Yale University Press is working on publishing a book by Jytte Klausen, a Danish born professor of politics at BrandeisUniversity called “The Cartoons That Shook the World.” Yet a notoriously famous earth-shaking cartoon will not be included.
In September 2005, 12 caricatures of the Prophet Muhammad, which included one picture of Muhammad donning a bomb shaped turban, were published by a Danish newspaper, sparking violent protests in the Middle East and Africa that left 200 dead. After consulting dozens of diplomats, scholars, and experts, Yale University Press decided not to include the Danish cartoons, along with other illustrations of the prophet that appear in various printed historic material.

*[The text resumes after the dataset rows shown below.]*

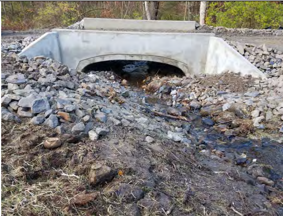
Photo 8: 11/03/17, Harwinton: Map 32, access road to culvert spanning W-F11/S-F10, up gradient side, photo taken facing west toward Valley Road.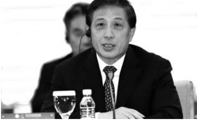
Chinese Vice Foreign Minister Zhang Yesui

Dalio founded Bridgewater Associates in 1975. The hedge fund now manages about $160 billion, according to its website. (Courtesy https://www.cnbc.com )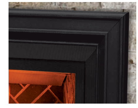
Cast Plus Surround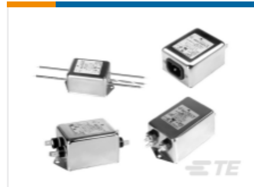
TE Part #1-6609032-0 CORCOM R SERIES SINGLE PHASE FILTERS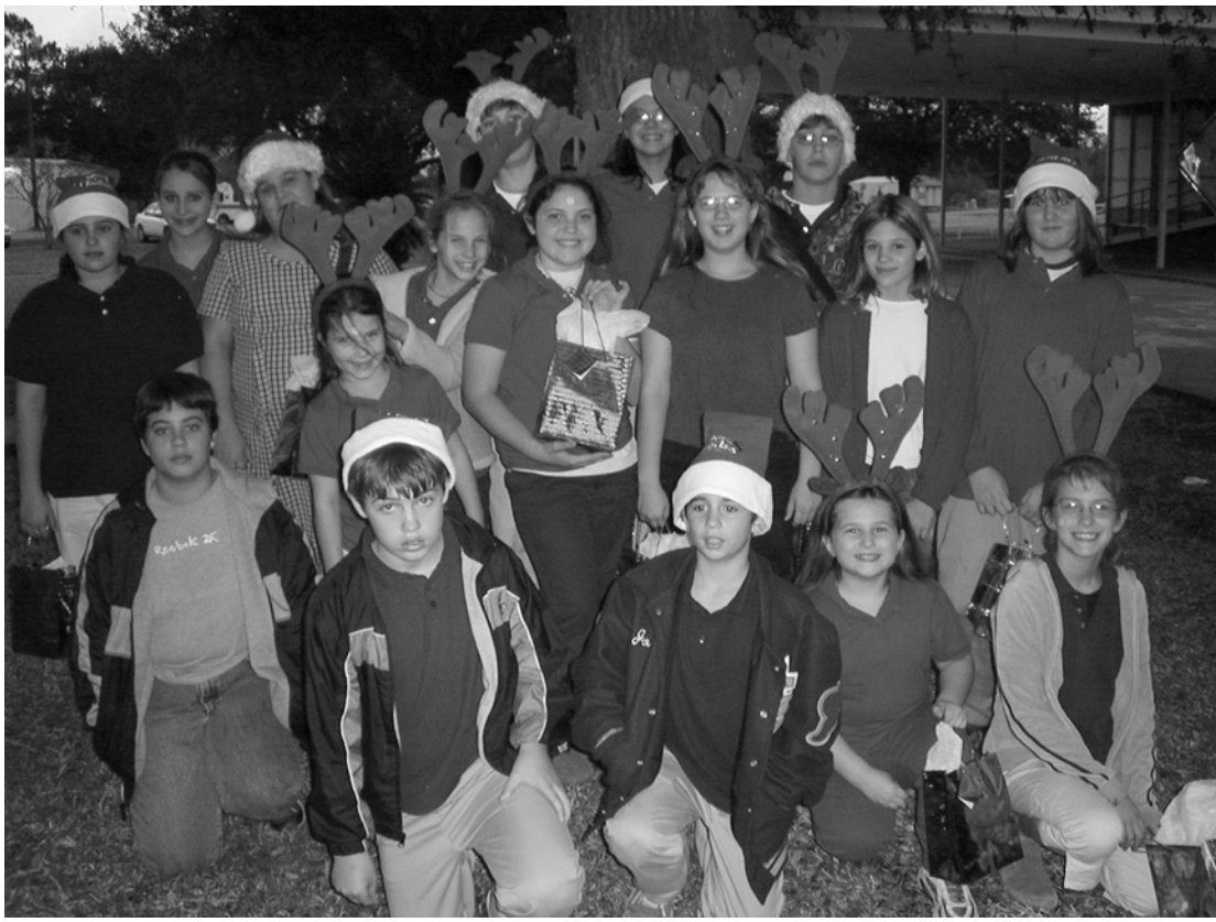
CAMERON ELEMENTARY 4-H Club members recently delivered gifts and sang Christmas carols to the patients at South Cameron Memorial Hospital.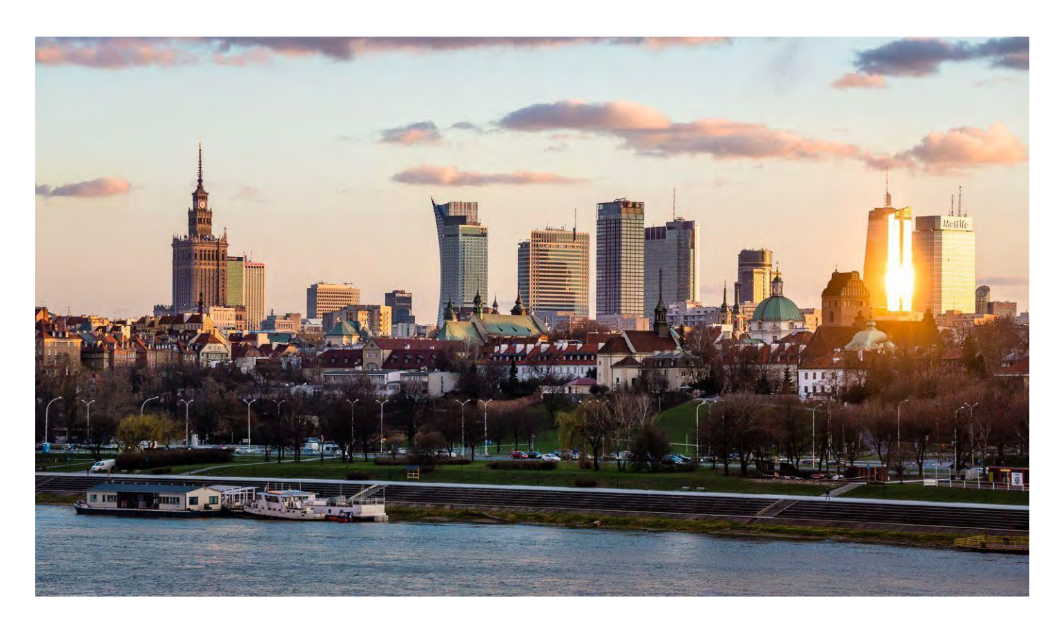
Warsaw and Vistula River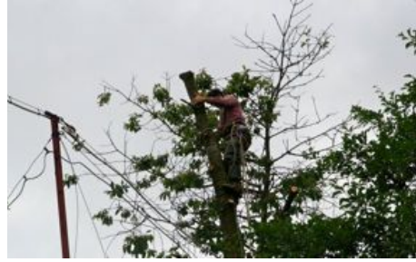
Our ladder collection, one of our cats, one of the 4 cherry trees needs some trimming....

So the weeks rolled by some of them rainy, some of them sunny, and Irmi and I managed to get most of the garden dug up and ready for new plants, and we planted some new plants, for example red beets, and radishes, and sweet peas, also some pumpkin and zucchini seeds went into the ground. We made 3 new compost sites, and filled them generously. The last one having no borders, just sprawling out in a long thick line of dirt and roots and grass, and compost-able material.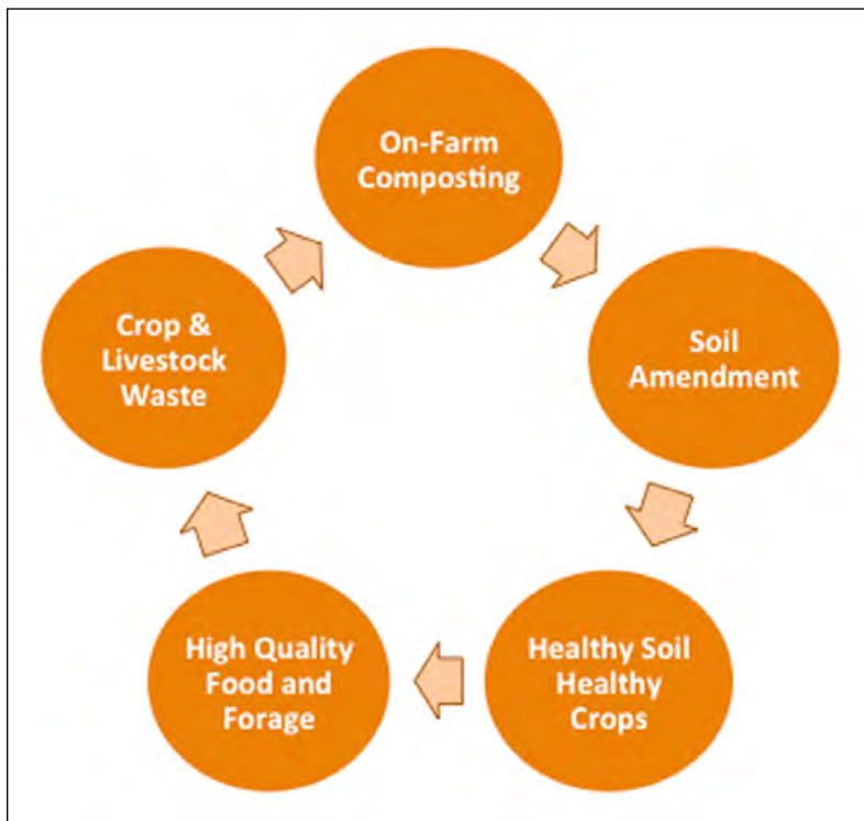
The compost cycle

As you read these chapters, jot down notes and ideas. These can help you develop a site plan and management strategy that will maximize the efficiency of the composting process and minimize threats to water quality.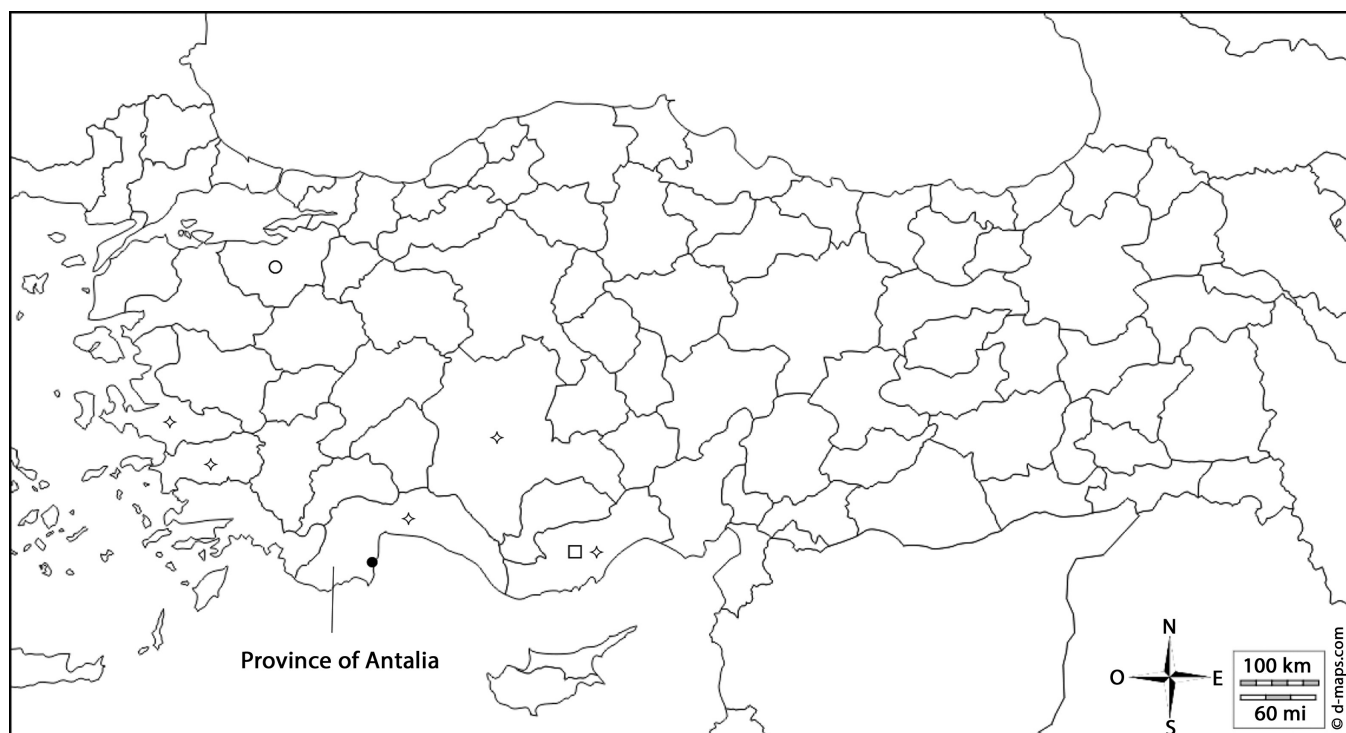
Fig. 4: Geographical location of Philodromus musteri spec. nov., locus typicus (●) and location by province of three other species of the Philodromus aureolus group: P. bonneti (○), P. buchari (□), P. lunatus (◇), based on Demir (2008) and Logunov & Kunt (2010)

Philodromus bonneti Karol, 1968 is a reportedly endemic species known so far only from northwest Turkey (Bursa) and only from the male. It was described by Karol (1968) as belonging to the Philodromus aureolus group and recognized as such by Muster & Thaler (2004), but could not be traced at the Paris museum. The authors state that this species resembles P. lunatus with respect to characters of the male palpal organ. However, several details actually suggest that some structures have been schematized in the figures, i.e. simple, conical shape of several apophyses (RTA, ITA), unfigured descending part of sperm duct loop, schematic conductor contour and the unfigured intertegular reticulum, at least in retrolateral view.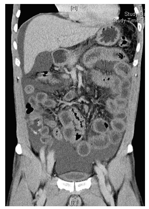
Fig. 2 Computed tomography at admission shows colon wall edematous changes and moderate ascites.

1683/uL. The total protein and albumin in the ascites were 6.2 g/dL and 3.6 g/dL, respectively (serumascites albumin gradient: 0.1). There were no malignant cells on cytological examination of the ascites. The gram stain and culture of the ascites were negative. Stool collected for routine analysis and culture was negative for pus, mucus, parasites and ova, but the fecal occult blood test result was 2+. The urinalysis was normal without proteinuria or hematuria.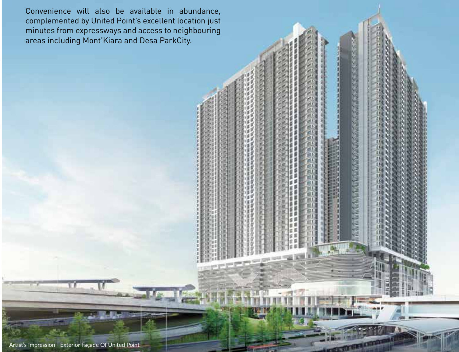
Artist's Impression - Exterior Façade Of United Point

📄 www.usa.com.my/property/residential/sales/current-projects/umited-point-residence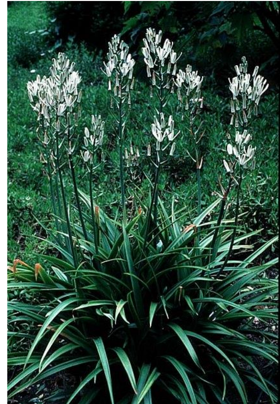
Albuca nelsonii —Natal albuca

http://www.bulbsociety.org/GALLERY_OF_THE_WORLDS_BULBS/GRAPHICS/Albuca/Albuca_nelsonii/Albuca_nelsonii.html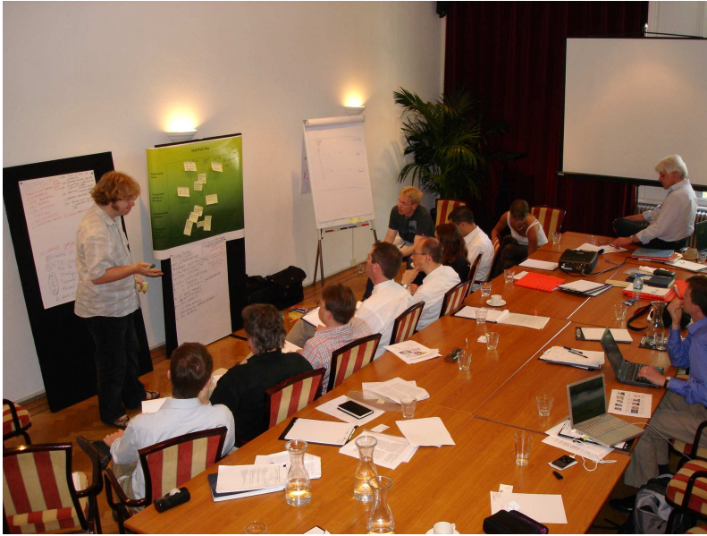
Figure 1: Workshop session, 12 th June 2006, De Rode Hoed, Amsterdam

The process topic was how to deal with roadmapping and strategy articulation in an emerging field where the complex mix of varying and evolving research lines need to coordinate to enable an integrated analysis platform. Together with representatives for the research sector, technology assessment and industry sectors, the Frontiers team will explore some of the issues involved with integrating a number of research lines, how to develop a roadmap but maintain flexibility to allow further research and integration of results from more fundamental research orientations.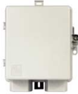
Outdoor Access Point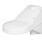
WV-QWL504-W Mount Bracket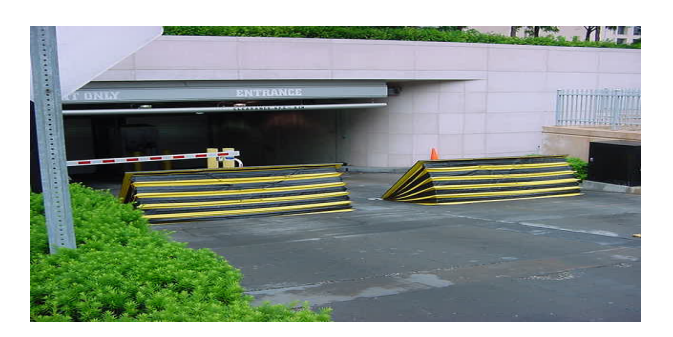
Thomas F. Eagleton Courthouse exit barriers

New procedures for entering and exiting the garage are currently being implemented. Court Security Officers or Rees guards will verify I.D. badges for all personnel prior to entering the garage. Please inform visitors and employees to use a card key for access into the garage. Since the barriers can cause serious damage to a vehicle, please notify your staff that the use of a card key is required at all times when the barriers are in operation. Be prepared to use your card key while entering and exiting the garage. A "Card Key Not Required" sign is posted over the card key readers when the barriers are locked in the down position. Please be cautious and proceed slowly while entering and exiting the garage.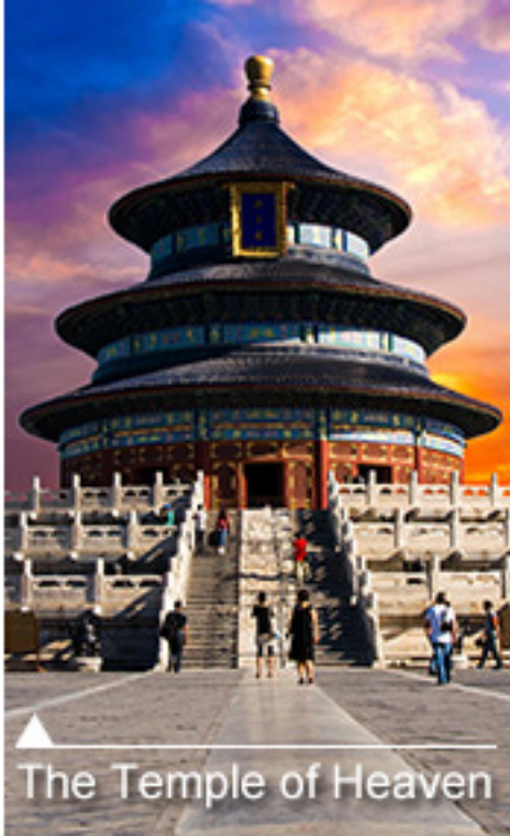
▲ The Temple of Heaven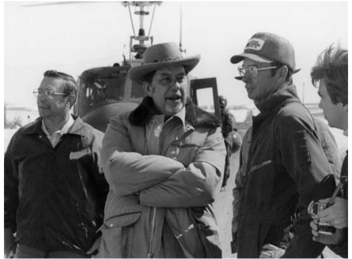
Bennett tried to balance his view that the best government is the one that governs least with what he called "the collectivism that's necessary for us to live happily." When natural disasters struck the state, for example, Bennett took action, as he does here during a visit to northwest Kansas in the wake of a 1976 "blizzard." In the background is his ride, a National Guard helicopter.

and restrictions to protect its profits. They perpetuate this type of intrusion. And even the so-called manufacturers of polluting engines have been known to lobby in such a fashion as to prevent somebody else's pollution while they let theirs go on. So everyone gets involved in utilizing the regulations to protect himself or to protect his profits. Where you strike the balance between the freedom that we all sort of like as we revere whatever individualism is today, where you strike the balance between that and the collectivism that's necessary for us to live happily, I don't know. It's probably the true art of government that everybody is still searching for.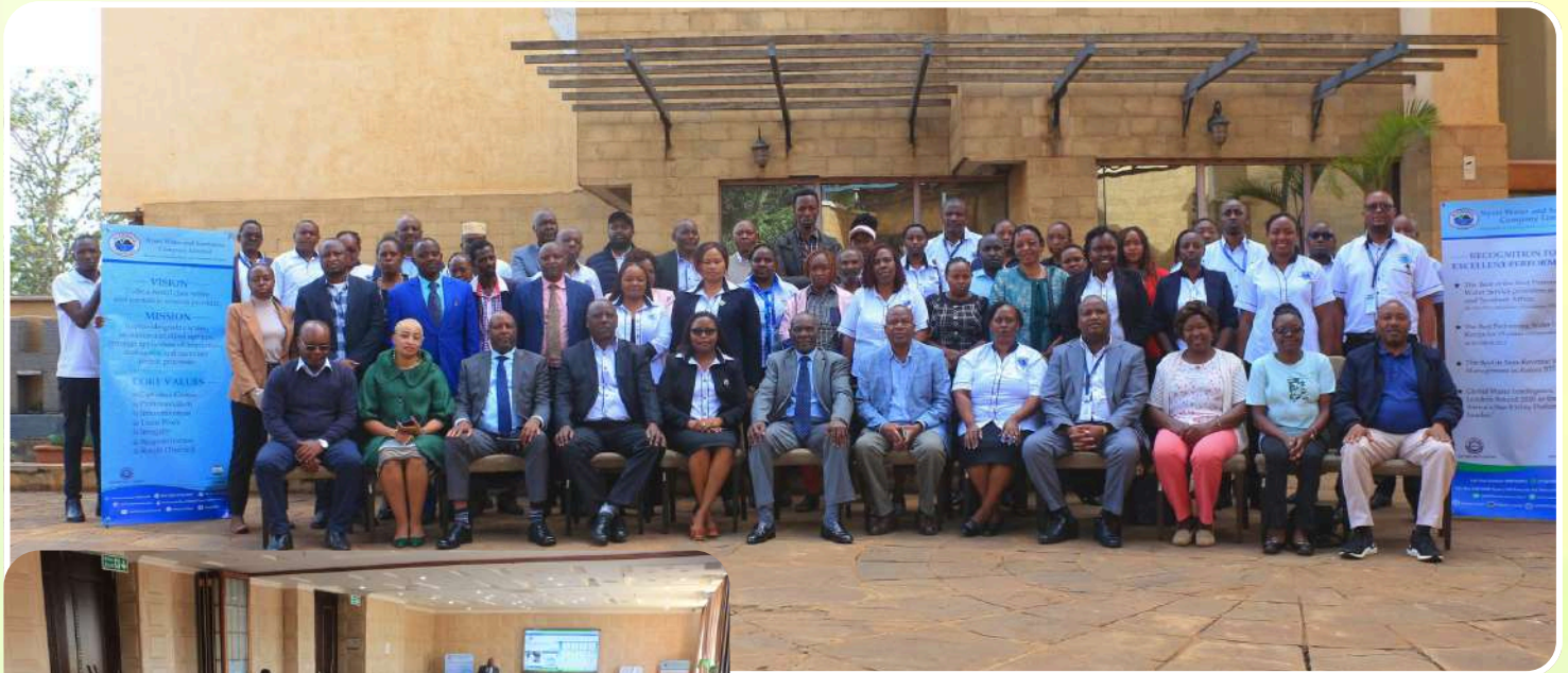
Board Members, Nyewasco staff and Stakeholders pose for a group photo outside White Rhino Hotel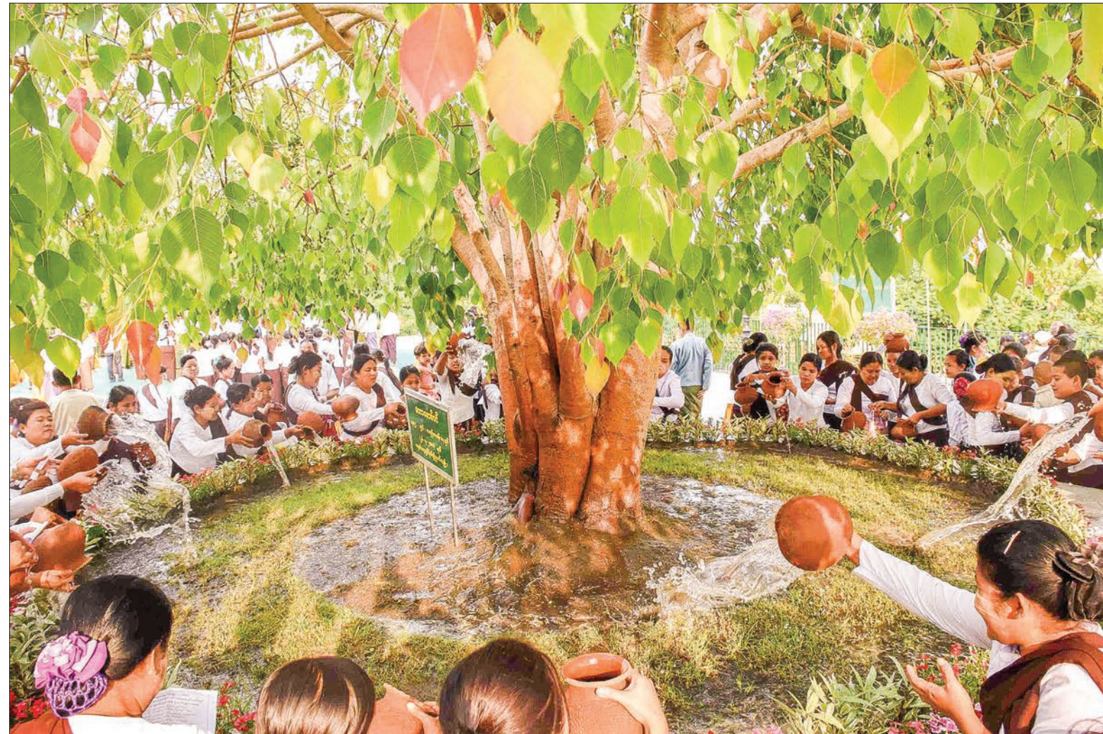
Buddhist devotees water the Bo Tree at Uppatasanti Pagoda in Nay Pyi Taw to mark Buddha Day which falls on the Full Moon Day of Kasone.

Full moon Kasone is Buddha's Day for all Buddhists across the world. Abroad this Day is celebrated as Vesak Day or Buddha's Day it. Four major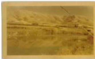
Principal's Residence, Round Lake Residential School (13d-c5710-d12)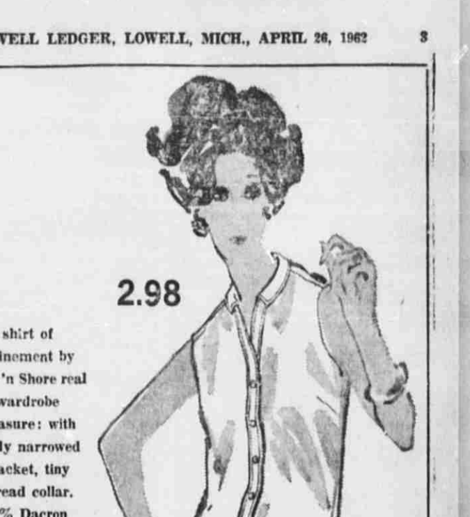
95% Dacron polyester, 5% cotton, white, shirt with refined placket, wrap collar.

RESIDENTIAL COMMERCIAL INDUSTRIAL 218 WEST MAIN ST., LOWELL PHONE TW-7577

The decision not to print images of the prophet was, according to John Donatich, director of Yale University Press, as reported by The New York Times, “overwhelming and unanimous” by a Yale voting board. Despite criticism from Klausen and religious scholar Reza Aslan, Donatich based his ruling on the violence surrounding the printing of the Danish cartoons. Quoting Ibrahim Gambari, special adviser to the secretary general of the United Nations and an expert consulted over the controversy, Donatich said, according to the Times “You can count on violence if any illustration of the prophet is published. It will cause riots, I predict, from Indonesia to Nigeria.”
Last year, Danish police arrested three men who they suspected of plotting to kill the artist who drew the Danish cartoon of Muhammad with the bomb shaped turban.